Please output only the lines running from the one that contains "Сейчас мы с" through the last line of the data below, exactly as they stand, with no pictures.

======== SUPPLIED INFORMATION

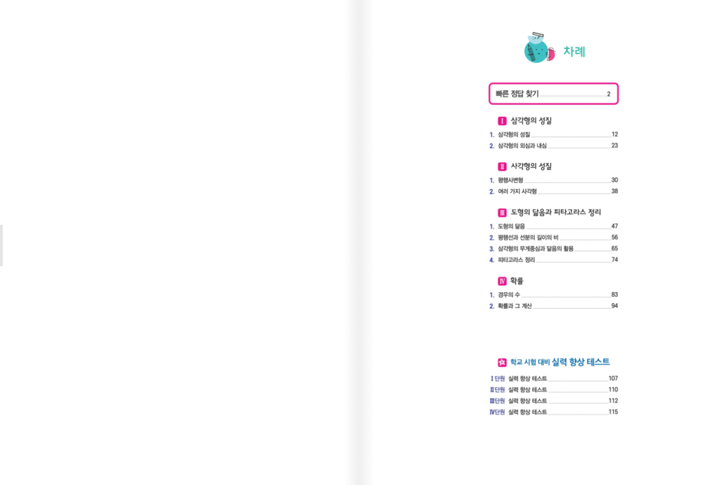 이 책의 특징은 개념 이해 문제 다음에 기초 유형 연산을 충분히 쌓아주고, 빈칸 채우기나 단계별 과정 완성처럼 풀이 흐름을 스스로 따라가게 만든다는 점입니다. 도형 단원은 특히 풀이 과정이 길어지기 쉬운데, 과정이 흔들리면 답이 맞아도 설명이 틀려서 감점되는 경우가 생깁니다. 그래서 서술형 느낌으로 한 단계씩 쓰게 하는 구성이 도움이 됩니다. 단원 마무리 평가 문제는 학교 시험에서 자주 나오는 기본 문제를 정리해 주고, 실력 향상 테스트는 잘 틀리는 유형을 다시 점검하게 해 주는 역할을 합니다.
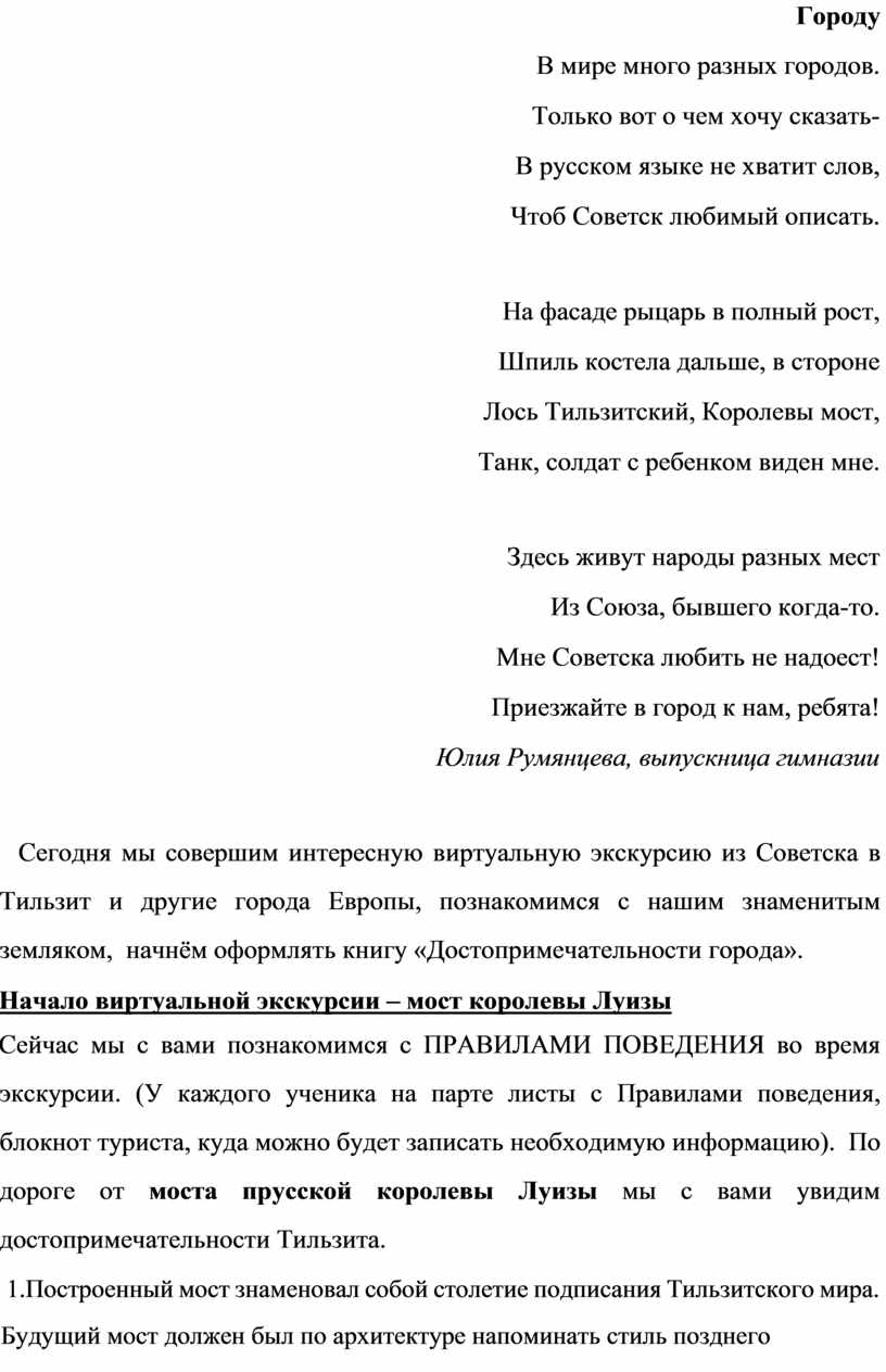 Сейчас мы с вами познакомимся с ПРАВИЛАМИ ПОВЕДЕНИЯ во время экскурсии. (У каждого ученика на парте листы с Правилами поведения, блокнот туриста, куда можно будет записать необходимую информацию). По дороге от моста прусской королевы Луизы мы с вами увидим достопримечательности Тильзита.
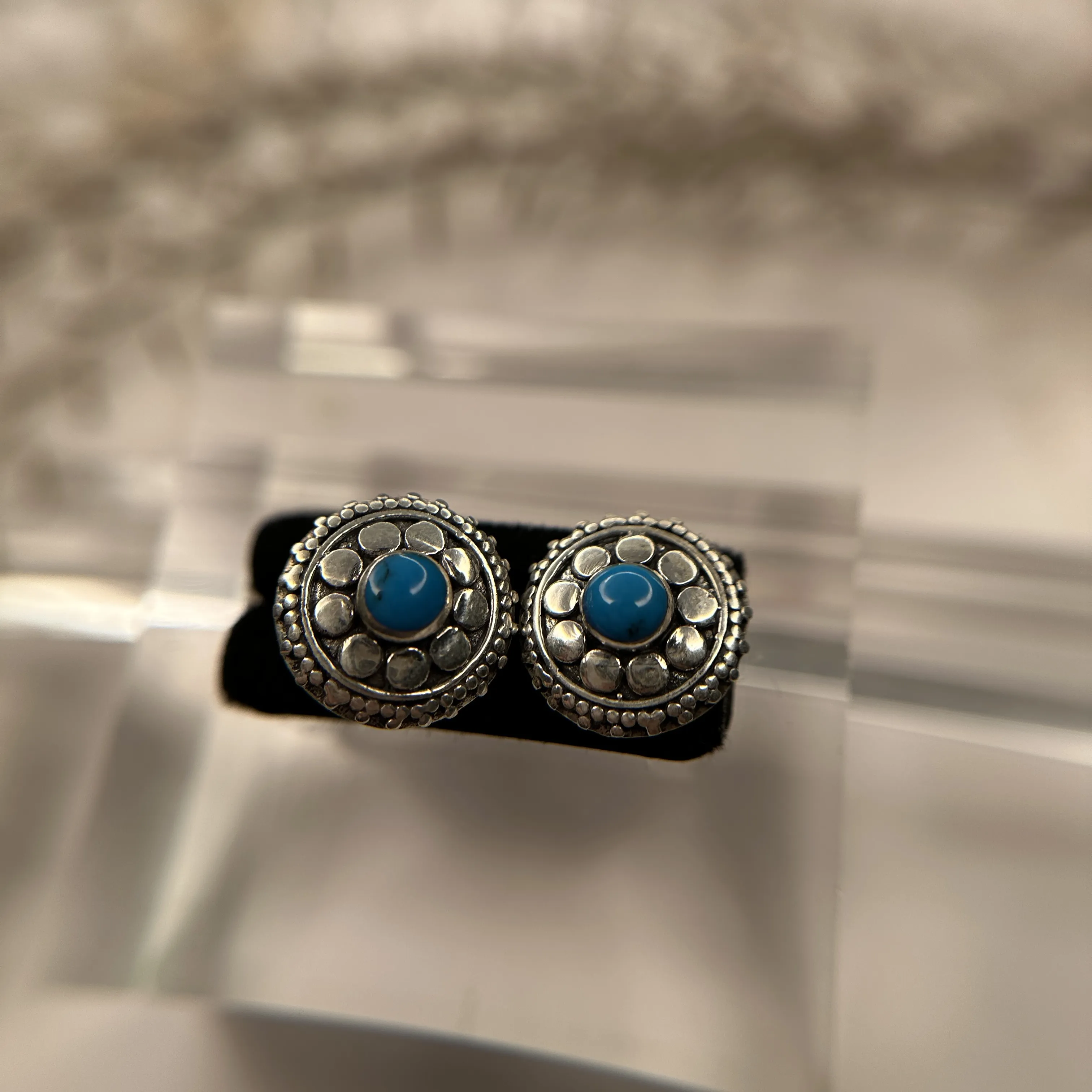 Cercei din argint model banut si piatra turcoaze. Inchizatoare cu surub.

================

▶ [OUTPUT]
 Сейчас мы с вами познакомимся с ПРАВИЛАМИ ПОВЕДЕНИЯ во время экскурсии. (У каждого ученика на парте листы с Правилами поведения, блокнот туриста, куда можно будет записать необходимую информацию). По дороге от моста прусской королевы Луизы мы с вами увидим достопримечательности Тильзита.
 Cercei din argint model banut si piatra turcoaze. Inchizatoare cu surub.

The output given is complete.